You can also use the ROW_NUMBER function in a straight SELECT statement like this:

SELECT	M_NAME, M_POSTS, M_LASTPOSTDATE, M_LASTHEREDATE, M_DATE, M_COUNTRY,
	ROW_NUMBER() OVER (ORDER BY M_POSTS DESC) AS RowNumber
FROM	dbo.FORUM_MEMBERS
ORDER BY M_POSTS DESC;

This will return a column for the row number but you won't be able to use it in the WHERE clause. You'll have to write it in a CTE or a derived table for that to work. Common table expressions also expect to be the first statement in a batch or they expect the statement preceding them to be terminated with a semicolon.

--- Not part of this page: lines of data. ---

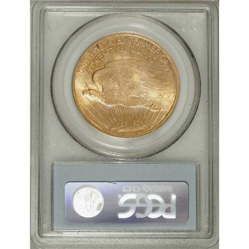 <B>1922 $20 MS64 PCGS.</B></I> The satiny, khaki surfaces exhibit intermingled splashes of sunset-orange color, especially on the upper reverse. Most of the design elements are well defined, except for Liberty's arms and hands. An interesting, unusual, curved die line is seen in the left obverse field.<BR><BR><b>Shipping:</b> Coins & Currency (<a target="_blank" href="http://www.heritageauctions.com/common/shipping.php">view shipping information</a>)
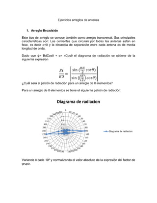 Este documento describe diferentes tipos de arreglos de antenas, incluyendo arreglos broadside, patrones de radiación para arreglos de 8 elementos, y cómo calcular el campo total y la directividad para arreglos específicos. Explica que un arreglo broadside tiene todas las corrientes en fase y la distancia entre antenas es media longitud de onda, y que un arreglo de 8 elementos tendrá un patrón de radiación variando cada 10 grados. También cubre cómo calcular el campo total para un arreglo de dos dipolos separados media longitud de on
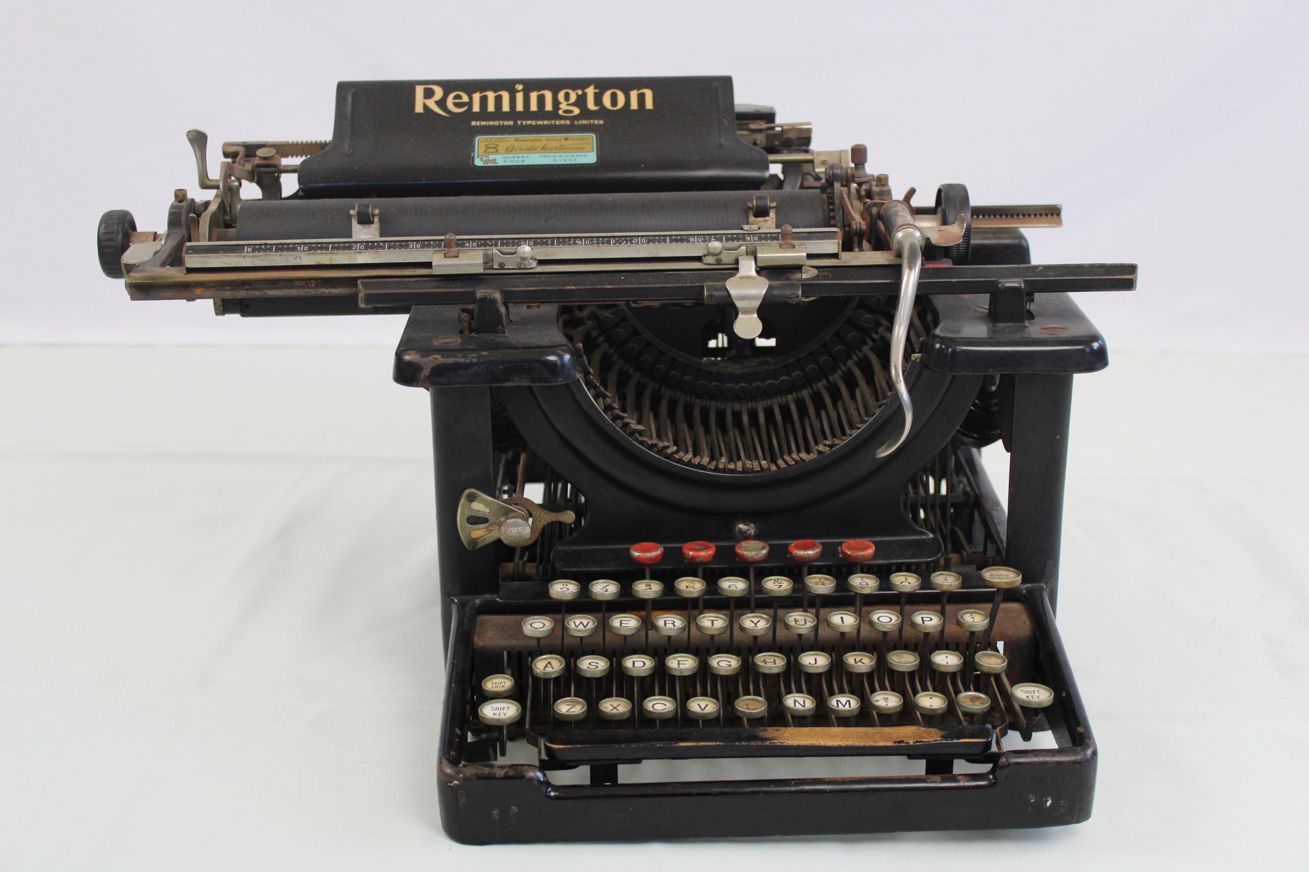 Large, heavy black cast-iron typewriter with visible typebars and open frame.
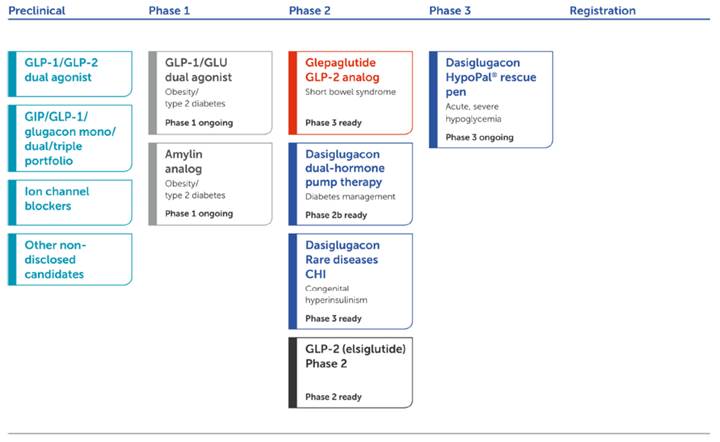 Zealands pipeline consists of two frontrunner programs: glepaglutide, a long-acting GLP-2 analog in development for the treatment of short bowel syndrome, and dasiglucagon, a liquid formulated glucagon analog in development as three distinct medicines.
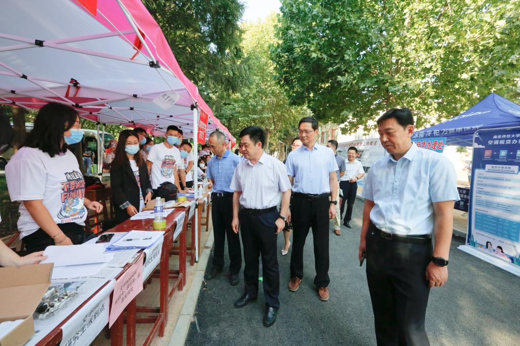 曲阜师大新闻中心讯(记者:刘萌  摄影:刘萌 王超 王增圻)金秋九月,又是一年新生入学报到时,米兰官方网站迎来了满怀激情与梦想的2020级新生。9月19日上午,学校党委书记戚万学,校长张洪海、党委副书记扈庆学、副校长夏云杰、卢国强在相关职能部门负责人陪同下走到两校区迎新现场和宿舍,检查指导迎新工作,看望慰问2020级新同学。
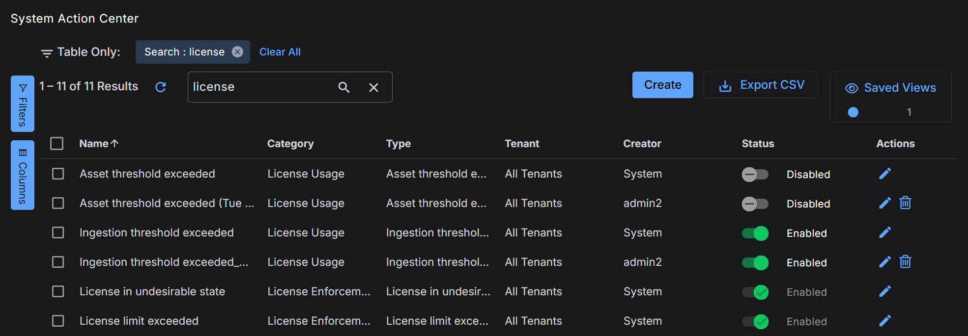 The System Action Center lists each of the defined system action rules in a standard Stellar Cyber table, as shown below.
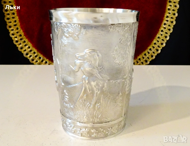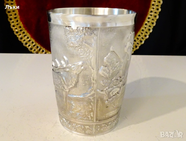 герб на ловците.Основата на чашата е декорирана с релефни дъбови клонки.Високо
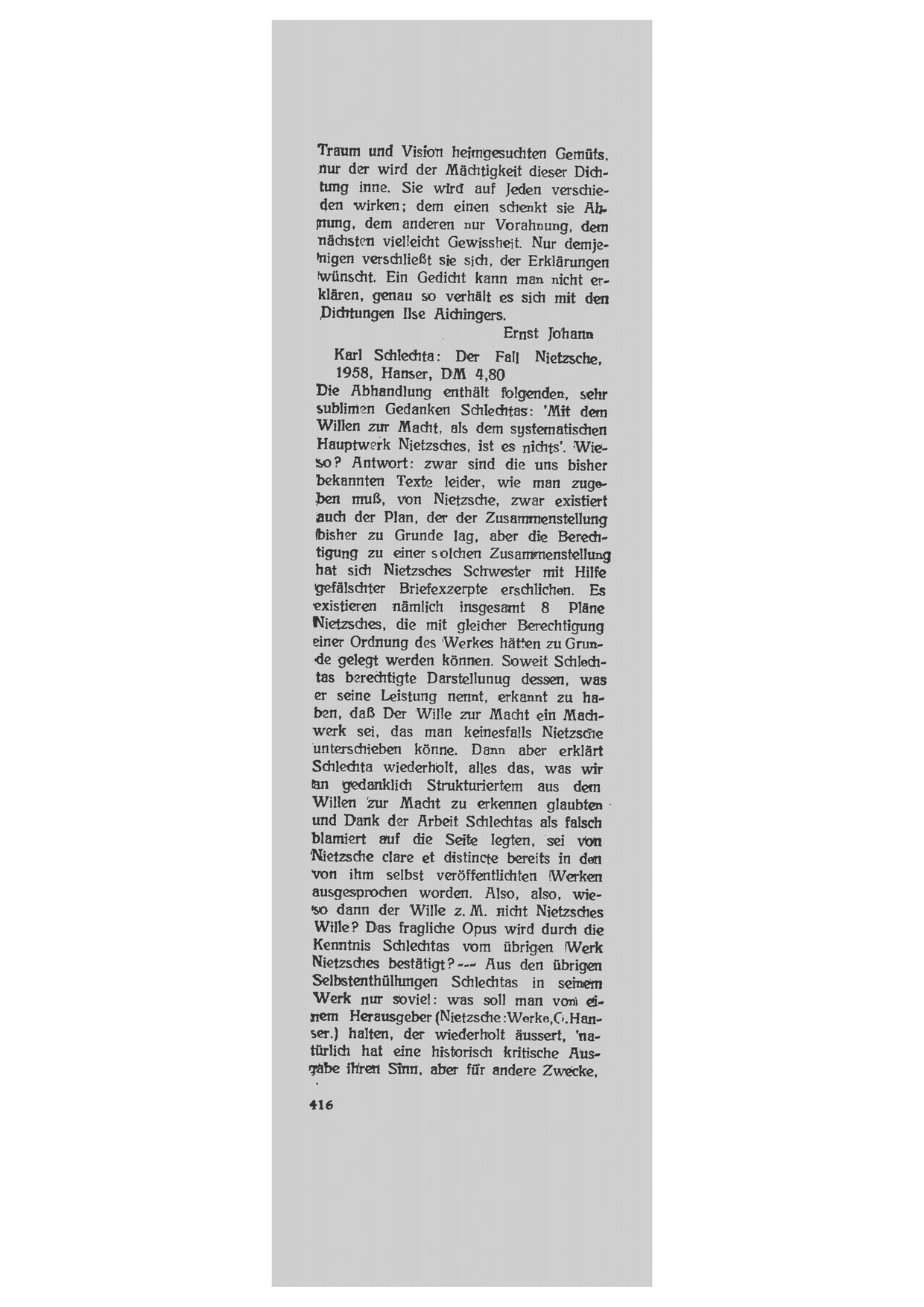 Die Abhandlung enthält folgenden, sehr sublimen Gedanken Schlechtas: "Mit dem Willen zur Macht, als dem systematischen Hauptwerk Nietzsches, ist es nichts". Wieso? Antwort: zwar sind die uns bisher bekannten Texte leoder, wie man zugeben muß, von Nietzsche, zwar existiert auch der Plan, der der Zusammenstellung bisher zu Grunde lag, aber die Berechtigung zu einer solchen Zusammenstellung hat sich Nietzsches Schwester mit Hilfe gefälschter Briefexzerpte erschlichen. Es existieren nämlich insgesamt 8 Pläne Nietzsches, die mit gleicher Berechtigung einer Ordnung des Werkes hätten zu Grunde gelegt werden können. Soweit Schlechtas berechtigte Darstellung dessen, was er seine Leistung nennt, erkannt zu haben, daß Der Wille Macht ein Machwerk sei, das keinesfalls Nietzsche unterschieben könne. Dann aber erklärt Schlechta wiederholt, alles das, was wir an gedanklich Strukturiertem aus dem Willen zur Macht zu erkennen glaubten und Dank der Arbeit Schlechtas als falsch blamiert auf die Seite legten, sei von Nietzsche claire et distincte bereits in den von ihm selbst veröffentlichten Werken ausgesprochen worden. Also, also, wieso dann der Wille z. M. nicht Nietzsches Wille? Das fragliche Opus wird durch die Kenntnis Schlechtas vom übrigen Werk Nietzsches bestätigt? --- Aus den übrigen Selbstenthüllungen Schlechtas in seinem Werk nur soviel: was soll man von einem Herausgeber (Nietzsche: Werke, O. Hanser) halten, der wiederholt äussert, "natürlich hat eine historisch kritische Ausgabe ihren Sinn, aber für andere Zwecke, die nicht die meinen sind" und "sicherlich wäre es interessant, den ganzen Nachlaß zuverlässig ediert zur Verfügung zu haben, aber interessant nur für die Spezialforschung, nicht für das allgemeine Bildungsbewußtsein." Für das allgemeine Bildungsbewußtsein schrieb auch Förster-Nietzsche und Zwecke hatte sie auch. Statt Nietzsche und kein Ende heißt es also immer noch: Nietzsche und kein Anfang!
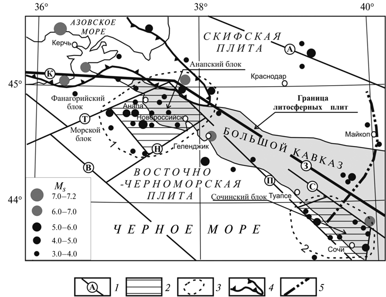 Северо-Западный сегмент Большого Кавказа принадлежит к Крымско-Кавказской сейсмической зоне Средиземноморского пояса. На территории Таманского и Керченского полуостровов и Северо-Западного Кавказа произошли крупные исторические сейсмические события [Никонов, 2000]: катастрофическое Понтикапейское землетрясение 63 г. до н. э. (М = 6.4–7.2), землетрясение 800 г. до н. э. (М = 6.5), Керченское землетрясение 275 г. (М = 6.4), Нижнекубанское землетрясение 1879 г. (М = 6.0). В инструментальный период магнитуда наиболее сильных землетрясений этого региона (12.07.1966 г., 12.04.1970 г., 07.11.1970 г., 09.11.2002 г., 13.03.2005 г., 10.12.2012 г.) не превышала 6.0.
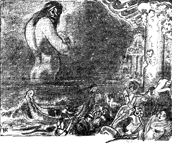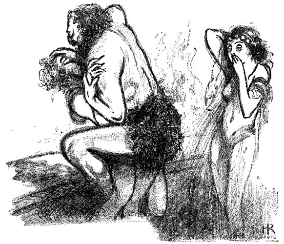 Leela, sickened, covered her face with her hands. She heard Rokk's gloating voice, "You see—my solution? Look, little white woman! Make your heart stout, like Rokk's. This is the law of life. Some live, some die. We—you and I—will live, for love, when this blood-red day is over."
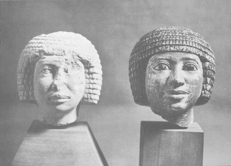 A forgery of Egyptian limestone sculpture (RIGHT) compared with a genuine example of the type (LEFT). The forgery was proved so by analyzing the binding material of the color.

You can easily use variables to determine which rows to SELECT by passing in parameters for the page size and which page to return:

DECLARE	@PageSize INT,
	@PageNumber INT,
	@FirstRow INT,
	@LastRow INT

SELECT	@PageSize = 20,
	@PageNumber = 3

SELECT	@FirstRow = ( @PageNumber - 1) * @PageSize + 1,
	@LastRow = (@PageNumber - 1) * @PageSize + @PageSize ;

WITH Members  AS
(
	SELECT	M_NAME, M_POSTS, M_LASTPOSTDATE, M_LASTHEREDATE, M_DATE, M_COUNTRY,
			ROW_NUMBER() OVER (ORDER BY M_POSTS DESC) AS RowNumber,
			ROW_NUMBER() OVER (ORDER BY M_NAME DESC) AS RowNumber2
	FROM	dbo.FORUM_MEMBERS
)
SELECT	RowNumber, M_NAME, M_POSTS, M_LASTPOSTDATE, M_LASTHEREDATE, M_DATE, M_COUNTRY
FROM	Members
WHERE	RowNumber BETWEEN @FirstRow AND @LastRow
ORDER BY RowNumber ASC;

Common table expressions and the ROW_NUMBER function are a handy way to server side paging on a query result.